### Provided material

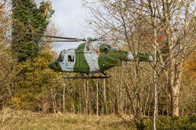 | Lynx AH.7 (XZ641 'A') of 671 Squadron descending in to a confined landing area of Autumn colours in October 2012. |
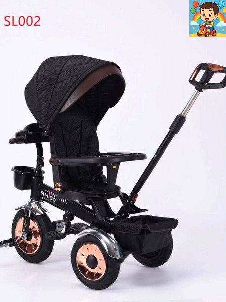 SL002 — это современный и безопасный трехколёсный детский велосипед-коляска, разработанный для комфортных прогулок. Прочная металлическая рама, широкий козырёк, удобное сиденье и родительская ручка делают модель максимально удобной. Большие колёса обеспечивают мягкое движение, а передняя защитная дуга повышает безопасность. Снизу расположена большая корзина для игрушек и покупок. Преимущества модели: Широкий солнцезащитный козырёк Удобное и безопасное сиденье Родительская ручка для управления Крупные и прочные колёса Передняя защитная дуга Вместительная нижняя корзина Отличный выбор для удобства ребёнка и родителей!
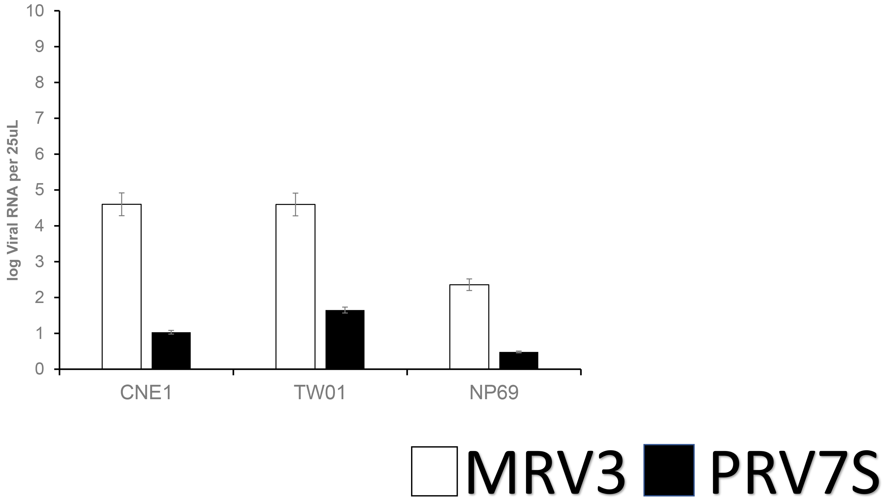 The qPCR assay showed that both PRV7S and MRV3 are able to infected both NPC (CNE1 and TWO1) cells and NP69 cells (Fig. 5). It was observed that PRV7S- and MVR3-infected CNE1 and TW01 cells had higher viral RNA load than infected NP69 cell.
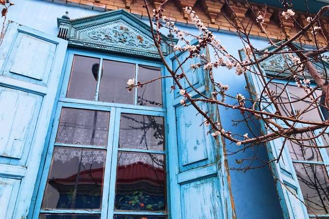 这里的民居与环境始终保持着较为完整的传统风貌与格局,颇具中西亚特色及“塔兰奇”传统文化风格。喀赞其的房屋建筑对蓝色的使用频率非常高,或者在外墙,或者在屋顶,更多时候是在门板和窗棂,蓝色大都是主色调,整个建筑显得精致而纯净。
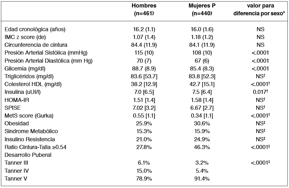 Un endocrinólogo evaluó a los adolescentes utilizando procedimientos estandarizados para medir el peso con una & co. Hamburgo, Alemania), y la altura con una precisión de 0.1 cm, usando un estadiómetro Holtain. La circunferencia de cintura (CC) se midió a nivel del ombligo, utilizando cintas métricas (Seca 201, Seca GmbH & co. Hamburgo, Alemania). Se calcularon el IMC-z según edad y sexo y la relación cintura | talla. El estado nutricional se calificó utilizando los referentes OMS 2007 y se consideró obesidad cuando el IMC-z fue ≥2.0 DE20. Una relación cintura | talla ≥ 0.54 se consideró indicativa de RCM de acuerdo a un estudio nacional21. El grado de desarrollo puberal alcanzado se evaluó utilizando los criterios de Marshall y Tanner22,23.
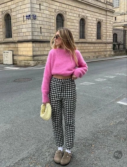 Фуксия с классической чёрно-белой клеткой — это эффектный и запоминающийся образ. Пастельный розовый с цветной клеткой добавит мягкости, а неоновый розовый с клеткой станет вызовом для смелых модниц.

### Assignment
The data above holds the lines to copy: start at the one with "The qPCR assay", stop at the one with "这里的民居与环境始终保持着较", include both, copy them exactly without pictures, and copy nothing else.

### Solution to the problem
 The qPCR assay showed that both PRV7S and MRV3 are able to infected both NPC (CNE1 and TWO1) cells and NP69 cells (Fig. 5). It was observed that PRV7S- and MVR3-infected CNE1 and TW01 cells had higher viral RNA load than infected NP69 cell.
 这里的民居与环境始终保持着较为完整的传统风貌与格局,颇具中西亚特色及“塔兰奇”传统文化风格。喀赞其的房屋建筑对蓝色的使用频率非常高,或者在外墙,或者在屋顶,更多时候是在门板和窗棂,蓝色大都是主色调,整个建筑显得精致而纯净。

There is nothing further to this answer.